# Requirement
Nothing but the lines below from the one holding "KONG Scrunchknots hundleksak" up to and including the one holding "宋阿姨在《当年参加南粤会亲的女孩,要上大学了!》推文留言,表达对彩琳的鼓励。" should be copied, exactly and without pictures.

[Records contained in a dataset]
⟨
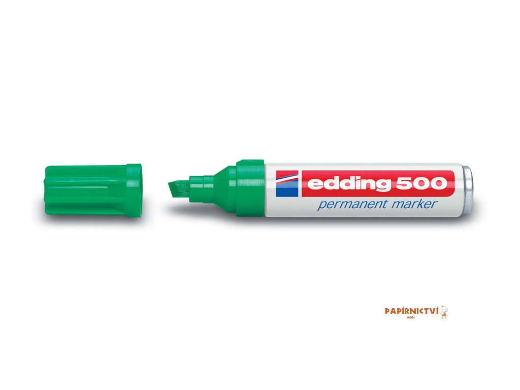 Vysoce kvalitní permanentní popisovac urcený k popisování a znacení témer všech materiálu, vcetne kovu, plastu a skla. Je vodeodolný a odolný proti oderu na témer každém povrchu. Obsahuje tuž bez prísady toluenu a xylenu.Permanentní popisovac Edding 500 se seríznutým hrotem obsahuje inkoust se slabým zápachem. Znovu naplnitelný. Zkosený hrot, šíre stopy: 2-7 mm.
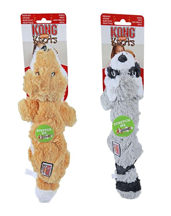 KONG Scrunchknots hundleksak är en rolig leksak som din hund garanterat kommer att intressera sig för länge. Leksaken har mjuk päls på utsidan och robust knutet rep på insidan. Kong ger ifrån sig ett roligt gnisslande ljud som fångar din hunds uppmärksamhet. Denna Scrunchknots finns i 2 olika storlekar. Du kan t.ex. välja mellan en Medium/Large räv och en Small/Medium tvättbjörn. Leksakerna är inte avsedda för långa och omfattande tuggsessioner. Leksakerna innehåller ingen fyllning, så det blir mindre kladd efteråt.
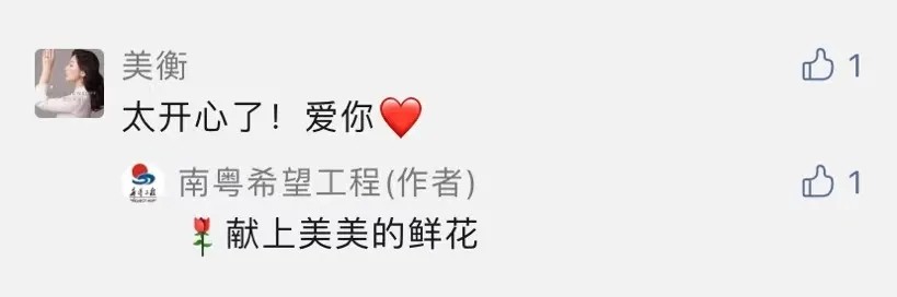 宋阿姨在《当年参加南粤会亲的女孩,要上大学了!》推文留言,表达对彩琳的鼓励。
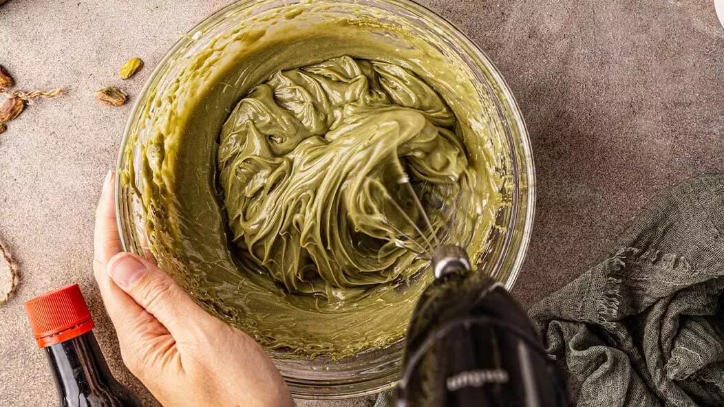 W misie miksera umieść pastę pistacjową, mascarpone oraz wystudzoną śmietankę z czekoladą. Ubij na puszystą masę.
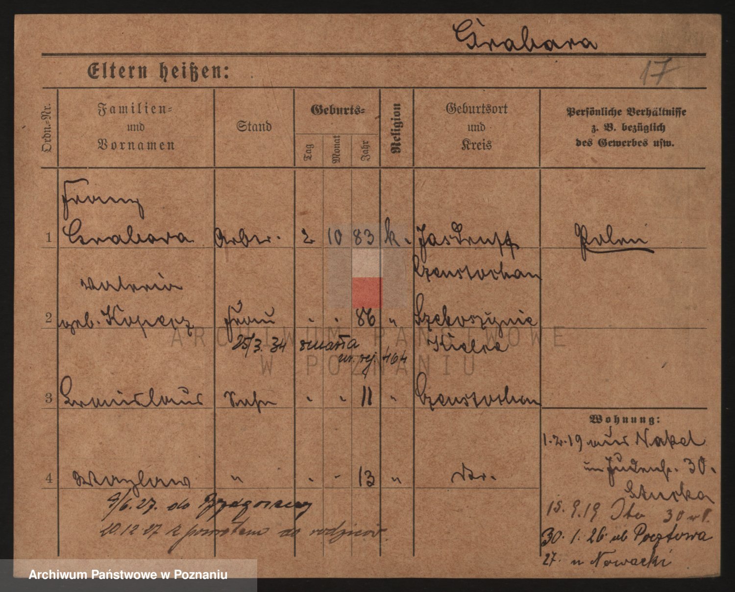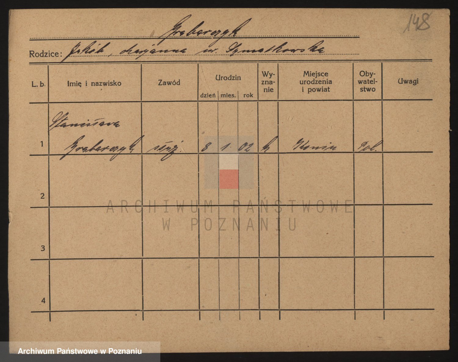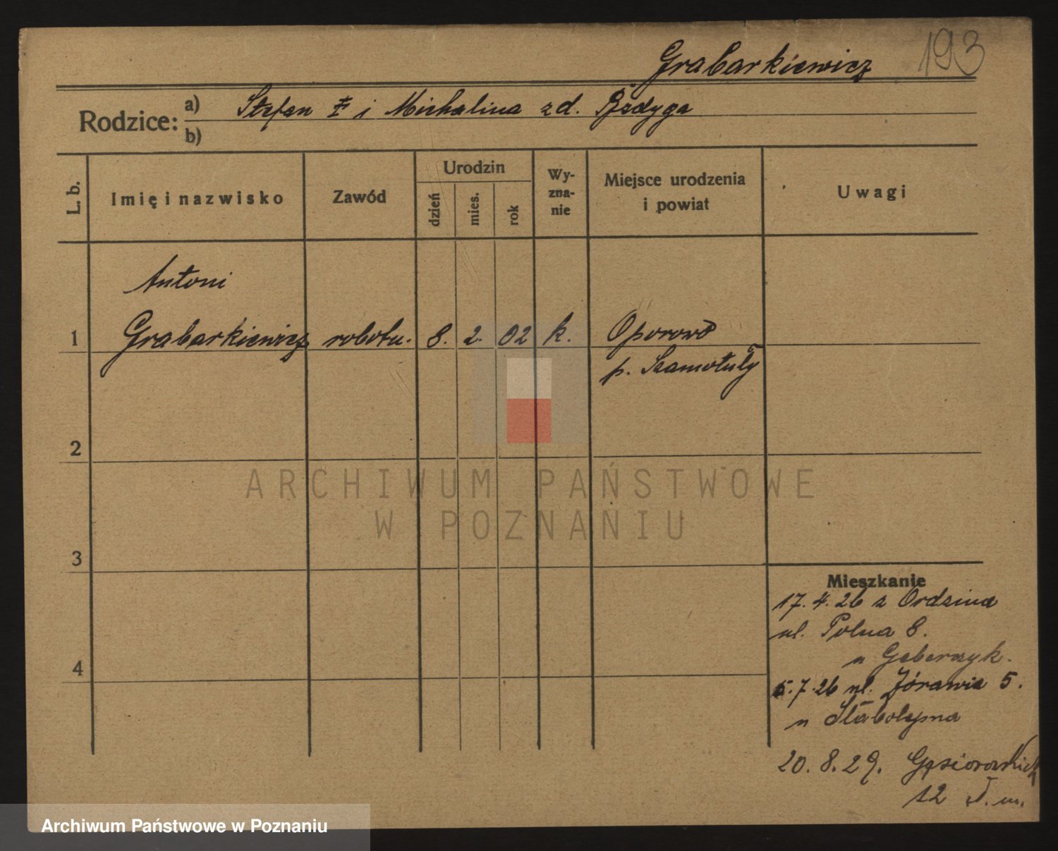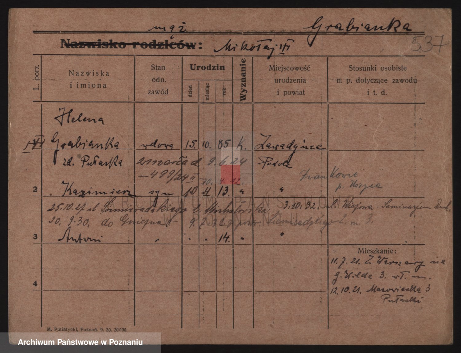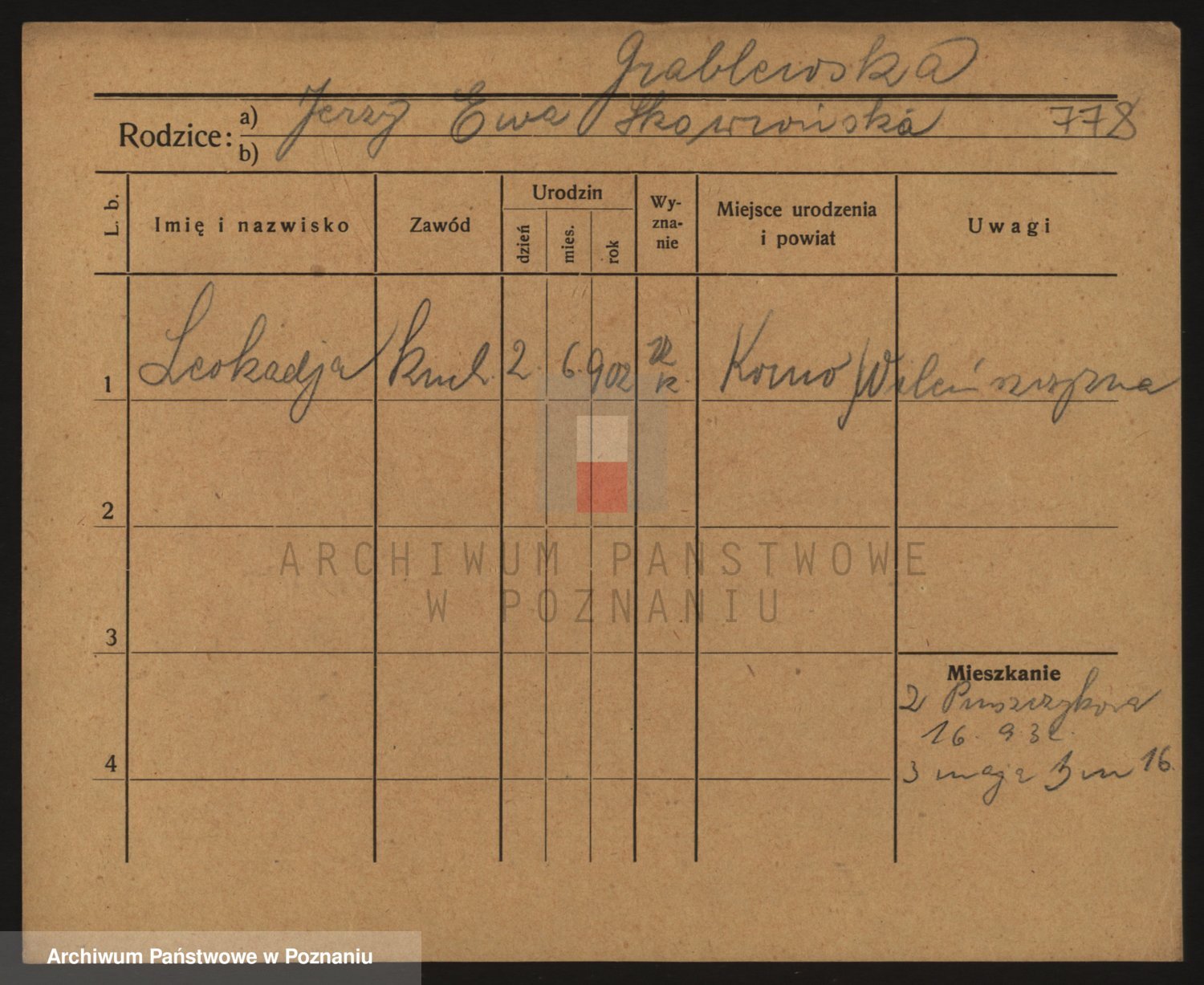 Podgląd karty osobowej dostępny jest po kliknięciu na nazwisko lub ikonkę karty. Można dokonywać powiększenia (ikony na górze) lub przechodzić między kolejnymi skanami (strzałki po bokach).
⟩
# Reply to the task
 KONG Scrunchknots hundleksak är en rolig leksak som din hund garanterat kommer att intressera sig för länge. Leksaken har mjuk päls på utsidan och robust knutet rep på insidan. Kong ger ifrån sig ett roligt gnisslande ljud som fångar din hunds uppmärksamhet. Denna Scrunchknots finns i 2 olika storlekar. Du kan t.ex. välja mellan en Medium/Large räv och en Small/Medium tvättbjörn. Leksakerna är inte avsedda för långa och omfattande tuggsessioner. Leksakerna innehåller ingen fyllning, så det blir mindre kladd efteråt.
 宋阿姨在《当年参加南粤会亲的女孩,要上大学了!》推文留言,表达对彩琳的鼓励。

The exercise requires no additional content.